┌──

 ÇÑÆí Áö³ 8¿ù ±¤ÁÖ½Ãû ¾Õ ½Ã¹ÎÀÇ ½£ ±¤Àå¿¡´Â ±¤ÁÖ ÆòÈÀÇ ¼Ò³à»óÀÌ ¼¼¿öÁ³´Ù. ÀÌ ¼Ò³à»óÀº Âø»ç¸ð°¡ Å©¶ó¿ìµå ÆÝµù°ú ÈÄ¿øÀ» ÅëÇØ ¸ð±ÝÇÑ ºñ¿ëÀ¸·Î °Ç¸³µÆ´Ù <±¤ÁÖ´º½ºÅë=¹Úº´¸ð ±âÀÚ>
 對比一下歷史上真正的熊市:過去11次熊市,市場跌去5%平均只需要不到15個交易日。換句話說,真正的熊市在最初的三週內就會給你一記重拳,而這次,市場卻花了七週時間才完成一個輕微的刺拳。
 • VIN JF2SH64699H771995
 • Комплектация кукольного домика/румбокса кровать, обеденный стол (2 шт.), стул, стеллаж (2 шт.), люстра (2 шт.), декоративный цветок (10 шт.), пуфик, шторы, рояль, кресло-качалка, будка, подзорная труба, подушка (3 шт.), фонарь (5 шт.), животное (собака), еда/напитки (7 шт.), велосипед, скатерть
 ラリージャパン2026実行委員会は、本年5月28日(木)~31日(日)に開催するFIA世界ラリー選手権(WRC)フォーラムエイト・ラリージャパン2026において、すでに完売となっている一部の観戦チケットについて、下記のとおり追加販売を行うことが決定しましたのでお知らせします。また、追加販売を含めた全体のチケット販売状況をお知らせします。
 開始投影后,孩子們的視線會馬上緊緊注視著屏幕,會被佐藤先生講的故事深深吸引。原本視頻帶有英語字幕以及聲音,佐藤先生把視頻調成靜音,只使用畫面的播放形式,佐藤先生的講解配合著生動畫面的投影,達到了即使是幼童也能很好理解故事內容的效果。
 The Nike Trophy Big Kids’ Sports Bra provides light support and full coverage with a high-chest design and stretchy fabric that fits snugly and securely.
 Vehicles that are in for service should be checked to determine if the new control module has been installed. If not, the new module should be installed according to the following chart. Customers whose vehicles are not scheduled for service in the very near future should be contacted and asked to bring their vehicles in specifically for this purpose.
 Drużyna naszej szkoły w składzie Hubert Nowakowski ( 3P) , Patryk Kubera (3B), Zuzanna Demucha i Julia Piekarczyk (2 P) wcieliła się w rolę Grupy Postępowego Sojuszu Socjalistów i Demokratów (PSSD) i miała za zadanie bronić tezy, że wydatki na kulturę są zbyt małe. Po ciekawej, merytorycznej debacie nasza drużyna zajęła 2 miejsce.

└──
┌──

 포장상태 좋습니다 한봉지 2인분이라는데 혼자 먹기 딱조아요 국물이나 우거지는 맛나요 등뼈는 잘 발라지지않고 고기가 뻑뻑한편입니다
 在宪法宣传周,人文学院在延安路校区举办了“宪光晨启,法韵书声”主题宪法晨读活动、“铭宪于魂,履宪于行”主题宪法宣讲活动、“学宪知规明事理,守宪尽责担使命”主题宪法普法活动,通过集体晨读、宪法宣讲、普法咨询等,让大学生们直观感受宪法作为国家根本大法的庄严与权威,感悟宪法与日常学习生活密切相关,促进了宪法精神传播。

└──
┌──

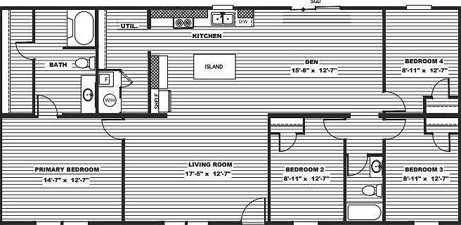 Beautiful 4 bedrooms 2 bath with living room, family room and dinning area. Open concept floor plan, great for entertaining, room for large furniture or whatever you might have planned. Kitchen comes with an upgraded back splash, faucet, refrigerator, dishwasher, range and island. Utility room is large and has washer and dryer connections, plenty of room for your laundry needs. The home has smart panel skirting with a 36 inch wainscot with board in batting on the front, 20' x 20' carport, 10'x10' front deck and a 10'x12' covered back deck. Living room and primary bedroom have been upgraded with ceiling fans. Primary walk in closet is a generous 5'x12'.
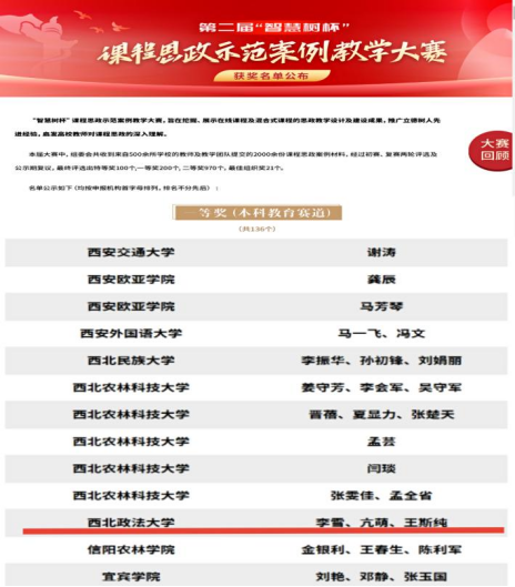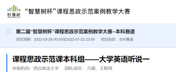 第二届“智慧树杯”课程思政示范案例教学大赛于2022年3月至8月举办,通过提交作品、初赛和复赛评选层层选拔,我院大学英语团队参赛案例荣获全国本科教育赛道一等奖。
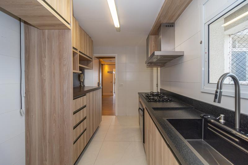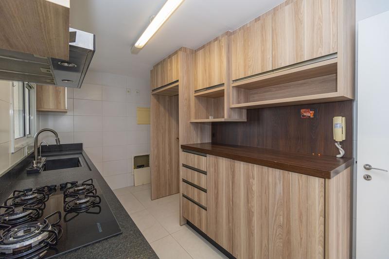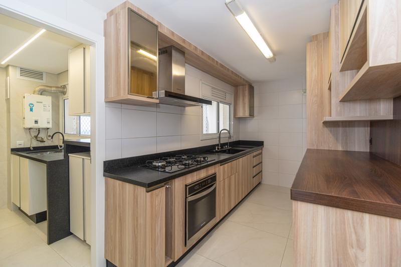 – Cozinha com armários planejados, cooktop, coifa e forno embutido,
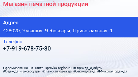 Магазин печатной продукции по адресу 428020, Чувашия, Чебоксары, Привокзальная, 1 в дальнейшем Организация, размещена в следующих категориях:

└──

## Directions
If a line in the entries above holds "that", include it in the count; report nothing but the resulting number.

## Reply to the exercise
2